Same here, did not catch half of what was decided.


----------



## Tugg (Jul 28, 2013)

There were quite a few side conversations going on. 

Here are the key items:

*Election Results:* In short, Alex is the Pres still. Mike is on as the VP. Tanya and I are swapping and better defining our two roles. As soon as I deposit and provider her the records, she'll handle the money and members list as Treasurer. This way I can take up the Secretary role and focus on the meetings' minutes, the website, and that stuff. I'm already a mod here, so that just made the most sense. Plus, I'm plugged into the Internet just about as much as a human can currently get.

*Meetings:* We'll be doing 8 meetings instead of 12.

Don't take the following as exact or complete; further details will come later. It's as best as I can remember. Alex has the notes and the other board members will be discussing/planning. When we have a finalized schedule I will update it HERE.

There will be no February meeting. In March we will join TCA with the Swap meet. DFWAPC will host a table or two. We have plans to do presentations on fertilization and plant deficiencies. A tour of Universal Rocks was mentioned. Sometime in the summer we'll get the pleasure of touring Michael's backyard ponds collection. We are also planning for some possible tank competitions, with possible categories of: Low Light, High Tech, Walstad/El Natural, and 1g-3g pico. There will be no Nov. meeting, instead we'll meet early in Dec for a party and the 2016 elections. We'll, likely be partnering up with TCA for some collaborative socializing for this.  I would love to also do a "Virtual Road Show". We could get a bunch of video interviews and tank shots of the people that live too far out or simply can't host. Then at a meeting we could check out these remote gems.

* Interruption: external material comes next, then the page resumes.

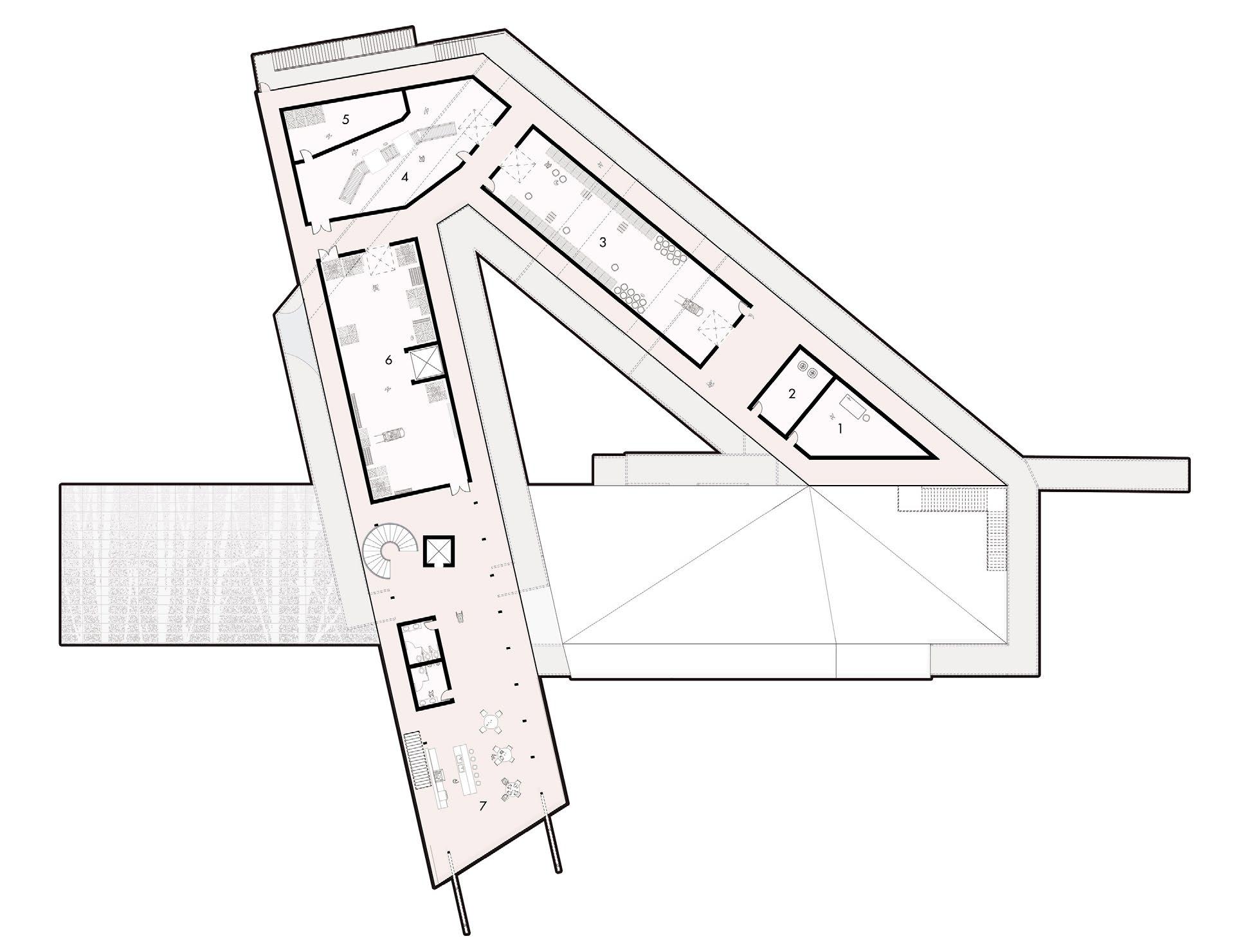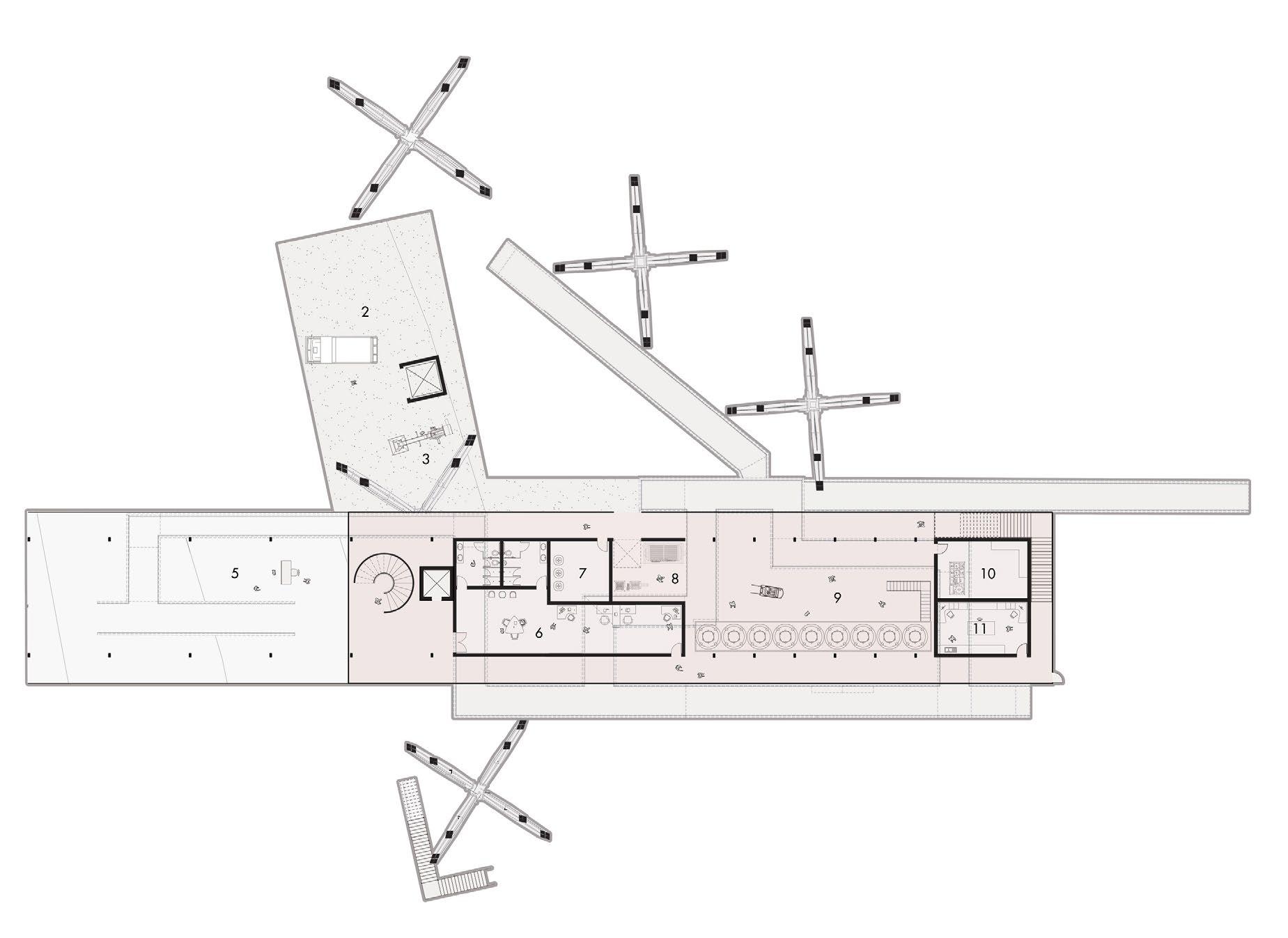 As a winery in a densely wooded area, it was crucial that both the intricate process of distillery and the beauty of the natural surrounding be put on display. As a result, the guest circulation functions primarily in a mezanine level and weaves between inside and out, providing visitors with an immersive experience of that which is both natural and man-made.

*Ideas:* We are ALWAYS looking for topic ideas or other means to improve the club and the experience of being a member. PLEASE :hail: tell us what you like... also tell us what you don't like.


----------



## Michael (Jul 20, 2010)

A quick correction, Mike Herrod will be vice-president.


----------



## Tex Gal (Nov 1, 2007)

Sorry I missed it. Got sick last week. Sounds like you had a great meeting!


----------



## alexopolus (Jan 18, 2010)

Tugg said:


> There were quite a few side conversations going on.
> 
> Here are the key items:
> 
> ...


Brian, why don't you move your post to a new thread? Later on when I have time to sit on my desk I will add more things to it.


----------



## Tugg (Jul 28, 2013)

i've posted the new thread:
http://www.aquaticplantcentral.com/...322-dallas-fort-worth-aquatic-plant-club.html

If anyone has anything to discuss that's specific to the Jan meeting, feel free to post it here. Anything to do with planning the 2015 year, please take the LINK.


----------